I'm not really in for the God-Specific missiles, it's only a nicked Stormraven. You don't see Land Raiders going round with Nurgle Lascannons or Khorne Heavy Bolters.

I've literally just copy-pasted the changes to the Storm Eagle over to the Stormraven entry. However, the thought of adding the Dedications rule from the Decimator seems like a good idea now...

What about adding the Decimator weapons? I'm thinking:

May replace all Bloodstrike Missiles with:
Two wing-mounted Butcher Cannons for 10pts
Two wing-mounted Soul Burner Petards for no additional cost
Two wing-mounted Storm Lasers for no additional cost.

And then you can take the following dedications:
*Khorne (25pts):* Any psyker attempting to take a Psychic Test within 24" of the Stormraven will have his power nullified on a 4+. The Stormraven itself is immune to the effects of psychic powers. This includes weapons that increase armour penetration rolls, allow units to shoot from behind cover, or increase a unit's strength.
*Nurgle (25pts):* Any roll made on the damage chart against the Stormraven suffer a -1 penalty on the chart.
*Slaanesh (25pts):* Any unit assaulting from the Stormraven counts as having Frag Grenades, and you may nominate one enemy unit the Stormraven moves over in the movement phase. The designated unit must take a Pinning Test at -1 Leadership (from the horrible screaming and hellish noise coming from the Stormraven, as well as it's ghastly appearance)
*Tzeentch (25pts):* The Stormraven gains the Inferno Bolts special rule and has a 5+ Invulnerable save.

Not sure about costs.

Midnight


----------



## Kreuger (Aug 30, 2010)

That looks pretty awesome! 

I think I'd really like to see a khorne one done up like a reaver craft from Firefly/Serenity. The spikes and corpse on the wing reminded me of the reaver design . . . I hesitate to use the word 'aesthetic'. Seems a perfect fit for khorne.


----------



## Fallen (Oct 7, 2008)

Kreuger said:


> That looks pretty awesome!
> 
> I think I'd really like to see a khorne one done up like a reaver craft from Firefly/Serenity. The spikes and corpse on the wing reminded me of the reaver design . . . I hesitate to use the word 'aesthetic'. Seems a perfect fit for khorne.
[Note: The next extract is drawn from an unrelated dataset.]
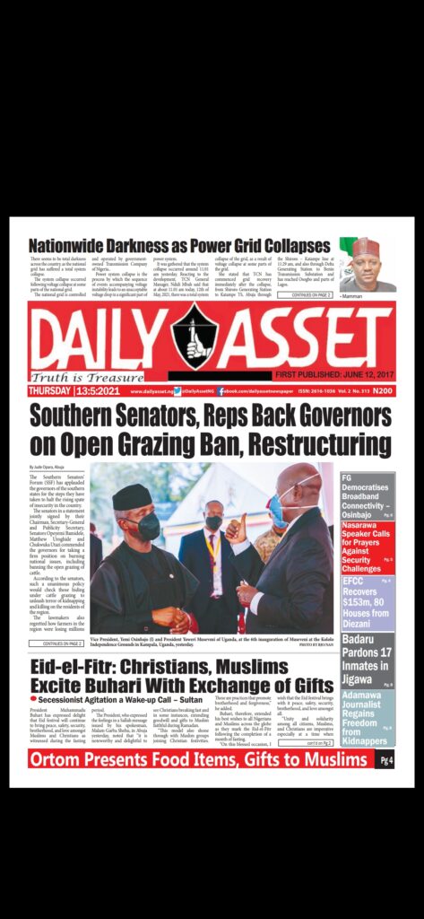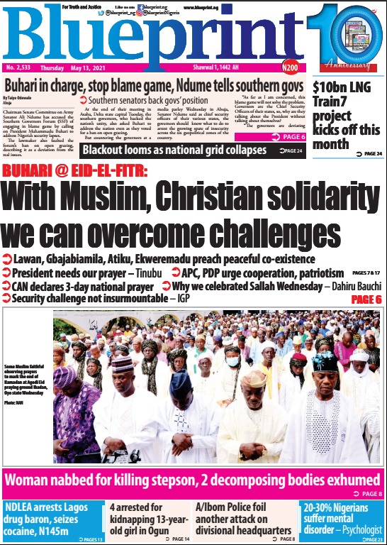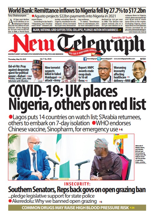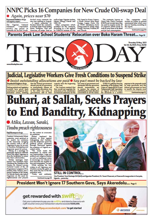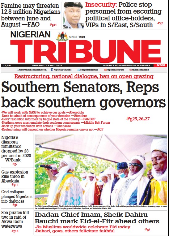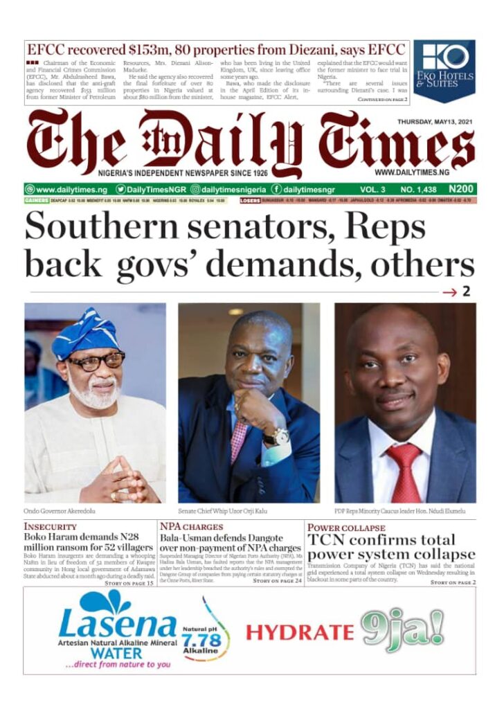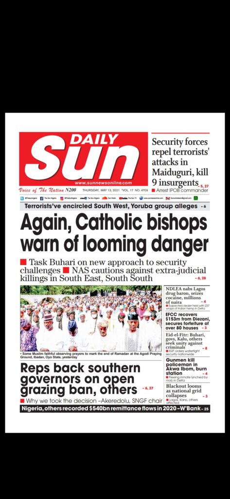 Today’s Major Nigerian Newspapers’ Cover Stories-13-05-2021

i now have a reason to keep my old VC skellies and what to do for my Zerkers rhino now.:victory:


----------



## Kreuger (Aug 30, 2010)

I'm glad I was helpful!

I think I'll have to take my own advice. I have a khorne rhino from 2nd ed and it wasn't all that inspired to begin with, but compared to my more recent work is positively boring and amateurish.
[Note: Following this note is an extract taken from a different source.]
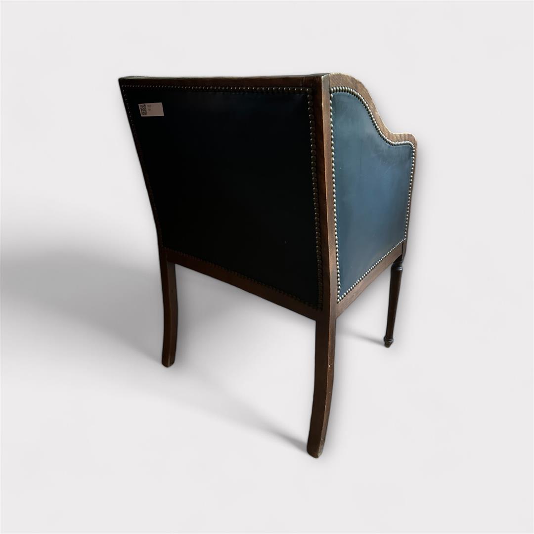 A straight armchair upholstered in green leather and studs. 19th century. 85...

Looks like corpses + weapons + crazy paint scheme = the way to go!


----------



## yanlou (Aug 17, 2008)

I like the sound of what you doing midnight, iv been wanting to do something similar to the Storm Raven for my Word Bearers, and if i was gaming with you id be perfectly happy with you using your datasheet in a normal 40k game.

Just ignore that Sakura_ninja about not using it ever, seem to forget about Apoc games and friendly games, its like saying chaos shouldnt be able to use baneblades and such because there not in the codex, narrow mindedness like that ruins games for others.
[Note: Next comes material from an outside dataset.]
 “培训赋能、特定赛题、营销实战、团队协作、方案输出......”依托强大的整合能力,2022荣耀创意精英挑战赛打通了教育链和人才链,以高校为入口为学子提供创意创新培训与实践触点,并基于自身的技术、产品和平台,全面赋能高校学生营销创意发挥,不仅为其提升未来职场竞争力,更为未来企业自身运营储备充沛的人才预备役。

As to the points cost i thinking changing the cost for the marks to reflect there effectiveness maybe better, ie, Nurgle seems in my eyes to be the most effective mark as it increases survivabilty, so maybe making it 30 or 35pts would be better, Khorne Perhaps cheaper as it seems more situational so say 15pts and the other 2 seems quite equal so i would leave the points cost the same.


----------



## Vaz (Mar 19, 2008)

Most people do ignore Sakura_ninja. In real life as well, apparently.


----------



## yanlou (Aug 17, 2008)

Ouch, well that makes life hard doesnt it.


----------



## scscofield (May 23, 2011)

I have been told to ignore a large part of this thread and not get my panties in a bunch over that portion. 

OP, I would say it has to at least cost the same as the stock unit. The FW models that have the option to be 'Chaos' all have the same base cost. You just have restrictions of what you can and can not upgrade it with. 

And yes that picture is bad ass.


----------



## DeathKlokk (Jun 9, 2008)

Just thought I'd post the original query about the "it's not in your codex" bitchfest.



Arcanum Crozioum said:


> So i'm still trying to grasp most of the rules of 40k, but i am curious about this. I'm running a BT based army and they have the Land Raider and Land Raider Crusader in the 4th edition codex; however, I am severly curious about the redeemer as i really like the flamestorms... Is it or is it not actually allowed? I'll prolly do that anyways,* but i just want to know so that i can find out if i can do tournies or not with it.*
> 
> Thanks ahead of time


Pretty clear what was asked and pretty clear it's a no. The Op is good with it and realized the option of friendly play/Apocalypse being different. Not sure why S/N cannot let it go. 

Thanks for keeping it level headed, Scscosfield. :victory:

This will be dealt with.


----------



## MidnightSun (Feb 10, 2009)

Thanks DK.

@scosfield: Not all Chaos FW units are the same. As I've said, the Storm Eagle is 20pts cheaper, loses PotMS, and may take Daemonic Possession. Hmmm, sound familiar? *coughlandraidercough*.

I was thinking about changing the points cost of the Dedications, but wasn't sure about how they'd be changed. I disagree on Khorne being cheaper though - there's nowhere else in the Chaos army list that offers any kind of Psychic Defence and only one Special Character has psychic resistance, and it still only affects him. The big bubble o' anti-psykerness is worth quite a lot in my opinion, especially as the explicit examples given screw over Astral Aim in particular.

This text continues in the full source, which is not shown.